Las
personas que vivimos en pueblos y ciudades utilizamos la calle para muchas
cosas. Es cierto que no les prestamos mucha atención y creemos que son sólo los
lugares donde viven otras personas y se encuentran los establecimientos que
buscamos. Las calles son todo eso que nos impide llegar a donde queremos y a la
vez nos encauzan en pos de nuestro destino. Hay calles bonitas, calles a las
que tenemos asociados ciertos recuerdos y vivencias, y calles por las que
pasamos sin prestarles atención. Sólo cuando han derribado un edificio y
aparece el solar es cuando caemos en la cuenta, ¿qué había ahí? Mirar
fotografías antiguas es un auténtico desafío a nuestro cerebro. El encuadre de
la foto oculta tantos referentes que a menudo somos incapaces de reconocer un
portal por el que pasamos todos los días de nuestra niñez.
Las
celosías de los balcones permiten mirar la calle sin ser vistos, las terrazas
de los bares y cafeterías sirven para que te vean disfrutar de un combinado o
de un té con leche. En la calle jugamos de niños y paseamos de mayores. En la
adolescencia aprendemos que una calle es un lugar donde ver a otros y donde te
ven. Como los antiguos, pasear tras de alguien te puede unir de manera especial,
estás “saliendo con” alguien. Las calles también te permiten escapar de otro
alguien. Tenemos ropa “de salir”. Cuando vamos de marcha, “salimos”. Más aún si
utilizamos la calle para beber y conversar. Es el botellón.
La
calle es el sitio para pasear, conversar, ligar, pelearse las bandas callejeras. Es el sitio donde se
celebran las festividades del pueblo. La primavera se viste de estreno y se
viste de nazareno. Esta feliz coincidencia nos hacía caer en la cuenta de que
el domingo de Ramos, quien no estrena no tiene manos y quien estrena se condena.

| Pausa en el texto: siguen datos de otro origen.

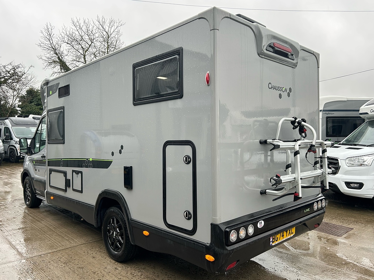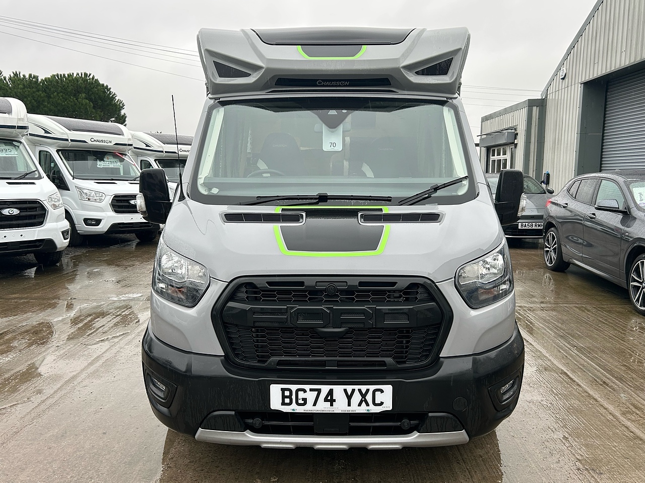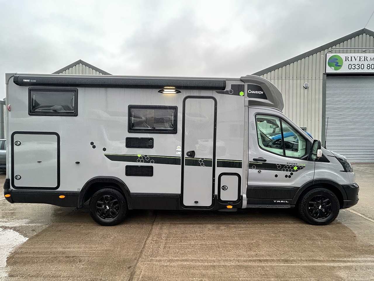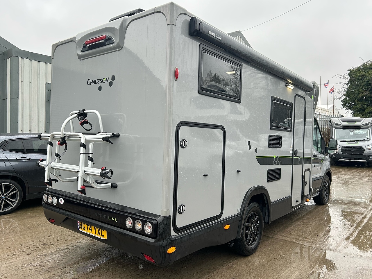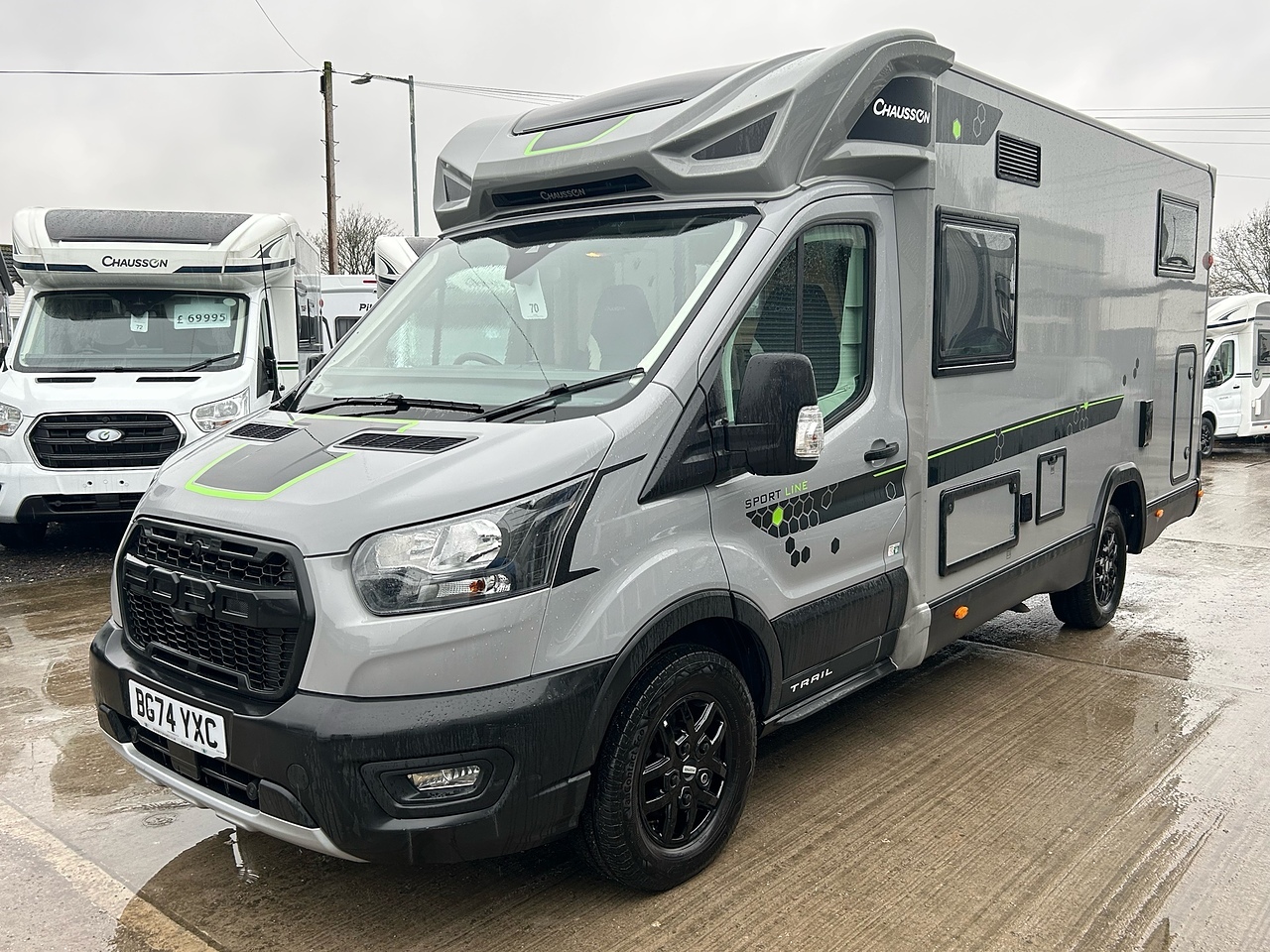 The 2024 Chausson S697 Sport Line is a sleek, compact motorhome designed for adventurous couples or small families. Measuring 6.59 meters in length and just 2.10 meters wide, it offers the agility of a campervan with the comfort of a coachbuilt motorhome.Key Features:Sleeping Seating: Accommodates up to three people with rear single beds above a spacious garage, which can convert into a large double bed. An additional single bed can be made up in the dining area, just behind the swivel cab chairs. Equipped with four seatbelts for safe travel.Interior Amenities: Features a well-equipped side kitchen with a grill, a 135L compressor fridge, and a cleverly designed washroom with a swivel partition, allowing you to create a dedicated shower space in seconds. The garage includes mains and 12V sockets, as well as a heater outlet. Technology & Comfort: Comes standard with the Connect Pack, offering a DAB/Bluetooth radio with touchscreen, steering wheel controls, and a reversing camera. The Accessory Pack includes an exterior awning, solar panel, door mosquito net, cab blinds, and a second battery installation kit. Built on a Ford Transit chassis with 2.0L 170HP engine and automatic transmission, it delivers a smooth and efficient driving experience.With its combination of modern technology, practical design, and stylish aesthetics, the Chausson S697 Sport Line is ready to take you on your next adventure. Manufacturer warranty,Immobiliser,4 Travelling Seats,Adjustable seats,Adjustable steering column,Alloy wheels,Remote locking,Cruise control,Power assisted steering,Radio,Multi function steering wheel,Traction control,3 Berth,Door flyscreen,Blinds & flyscreens,Cassette toilet,Blown air central heating,End bedroom,Fixed Bed,Fridge,Hot water,Oven,Shower.

Parece muy evidente que la celebración religiosa se ha superpuesto a la
celebración pagana y popular. Sin embargo esto es un viaje mucho más complejo.
A
menudo se quejan en la capital de la cantidad enorme de manifestaciones que
cortan el tráfico del centro. Durante la semana santa es lo que ha pasado en la
mayoría de los pueblos, al menos en el mío, que se está convirtiendo en la
localidad con mayor número de procesiones en el año. Parece un símbolo del poder
de la Iglesia. Y nadie se queja. Ni de la cera que hace chirriar las ruedas de
los coches, ni la falta de aparcamiento, ni que te rodeen y no puedas atravesar
una calle.
Es la
tradición, dicen, aunque el paso lleve sólo dos años en la calle. Y es la
tradición porque el pueblo lo ha querido así. Por mucho que el poder intente
imponer un sentimiento –religioso, patriótico, cultural o lo que sea-, es el
pueblo soberano, individuo a individuo, quien santifica las fiestas
arreglándose, vistiéndose de estreno. Y está claro que la gente apoya las
procesiones. Con fervor, con religiosidad, con la angustia de que se te salte
una, o no alcances a verla en la Cuesta del Barrio.
No me
gusta la Semana Santa. Y creo que a los cristianos tampoco debería gustarles.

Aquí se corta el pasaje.